HEMPHILL, District Judge.

This matter comes before the court on motion of the defendant to vacate a warrant of attachment issued out of this court at the request of the plaintiff, who instituted an action by Summons and Complaint dated 15 November, 1973. The plaintiff therein alleged that the sum of Sixteen Thousand Four Hundred Six and 55/100 ($16,406.55) Dollars was due and owing him by the defendant on a promissory note which was then past due. His Second Cause of Action 1 alleged that he was entitled to an attachment against the defendant who owned or had an interest in two railroad car cabooses. The attachment was grounded on allegations in the Complaint and supporting affidavit that the defendant was attempting to remove 2 the railroad car cabooses from Green-ville County, S. C. and dispose of them and would hinder or defraud the plaintiff in the collection of monies owed him. The defendant duly answered, pleading a general denial to the main cause of action and the attachment and raising several affirmative defenses and counterclaims. Concurrently, the defendant filed this motion to vacate the attachment on the grounds that the bond required by § 10-908 of the S.C. Code of Laws is defective on its face and the attachment should not have been issued and is a nullity; that the defendant has other property in the state which could satisfy any indebtedness adjusted against him; that this court has personal jurisdiction over the defendant and does not need an attachment for the property in order to obtain jurisdiction; that the plaintiff is aware of the foregoing but has sought this attachment in order to harass the defendant. Further the defendant maintains that he was given no notice or opportunity to contest the attachment prior to the seizure of his property thereby depriving him of due process of law.

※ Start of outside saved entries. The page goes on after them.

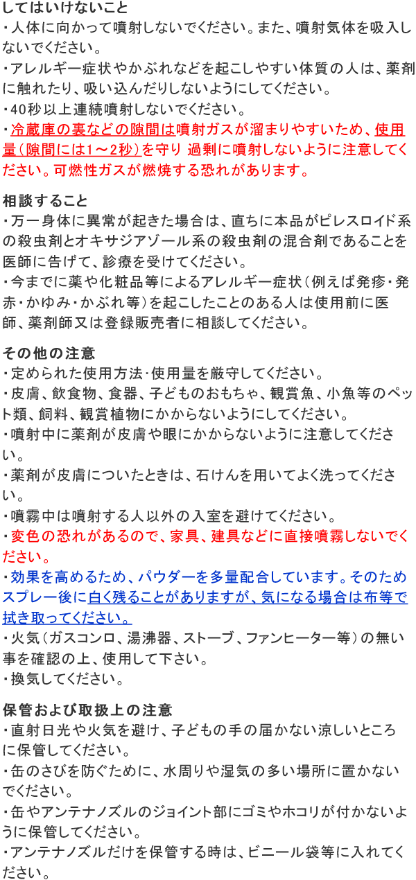 ★害虫が逃げ込んだ隙間には約1〜2秒噴射してください。隙間から出てきた害虫にはさらに上記の量を再度、直接噴射してください。
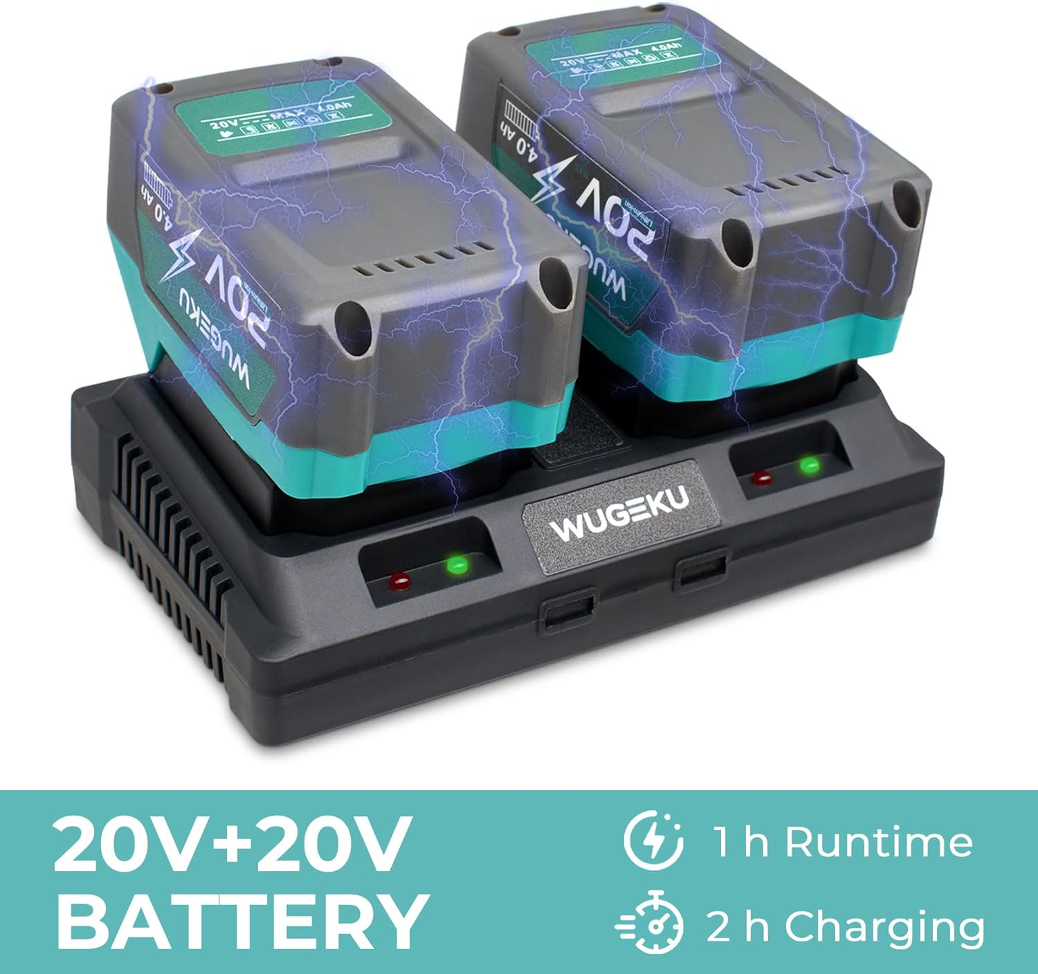 - DUAL BATTERIES: includes two 20V 4.0Ah lithium batteries and a dual-port charger; fully charges in 2 hours and delivers 40V power when combined, ensuring strong and efficient performance.
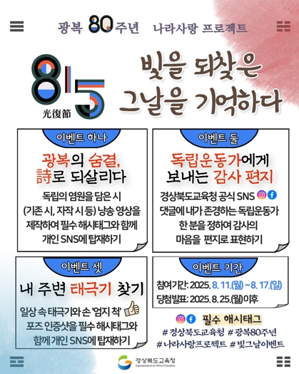 ▲ 경북교육청, 광복 80주년 맞아 ‘빛을 되찾은 그날을 기억하다’ 나라 사랑 온라인 이벤트 진행! |
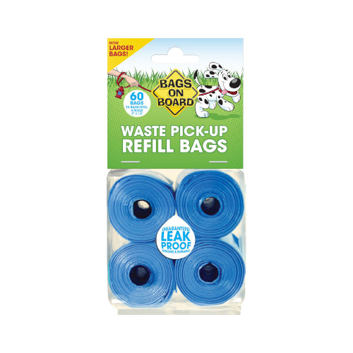 أكياس فضلات باقز أون بورد بتصميم قوي وعملي، مناسبة لجمع فضلات الكلاب بطريقة نظيفة وسهلة. العبوة تحتوي على 60 كيس بلون أزرق جذاب، مصنوعة من مواد متينة تمنع التمزق وتحافظ على النظافة أثناء المشي. رائحة محايدة لتجنب الروائح الكريهة.

Based on the pleadings, affidavits and exhibits presented to this court, it appears that the defendant herein is a resident and citizen of the State of New Jersey engaged in the restaurant business. It was apparently his intention *144 when entering into the contracts for purchase of thirty (30) railroad ear cabooses to use these railroad cars as novelty items in that business. It is undisputed that the plaintiff contracted with the defendant in 1969 and in 1970 to sell the cabooses and that the total purchase price was Thirty-Nine Thousand Fifty and No/100 ($39,050.00) Dollars. Additionally it appears that the defendant and plaintiff have dealt in good faith with one another over a period of more than four (4) years and that during this time the defendant has paid more than half of the total purchase price owing to the plaintiff. Additionally, it is agreed that the defendant has expended considerable funds in refurbishing two of the railroad cars for use in his restaurant business and it is these two cabooses which the plaintiff has attached. In addition to these two railroad cabooses, there are at least twenty-eight (28) similar railroad cars which are the subject of the contract for sale and are located in Greenville County and to which the defendant has good title. It further appears that the defendant has refused to pay any more of the total purchase price because he alleges the cars are not as warranted and are defective.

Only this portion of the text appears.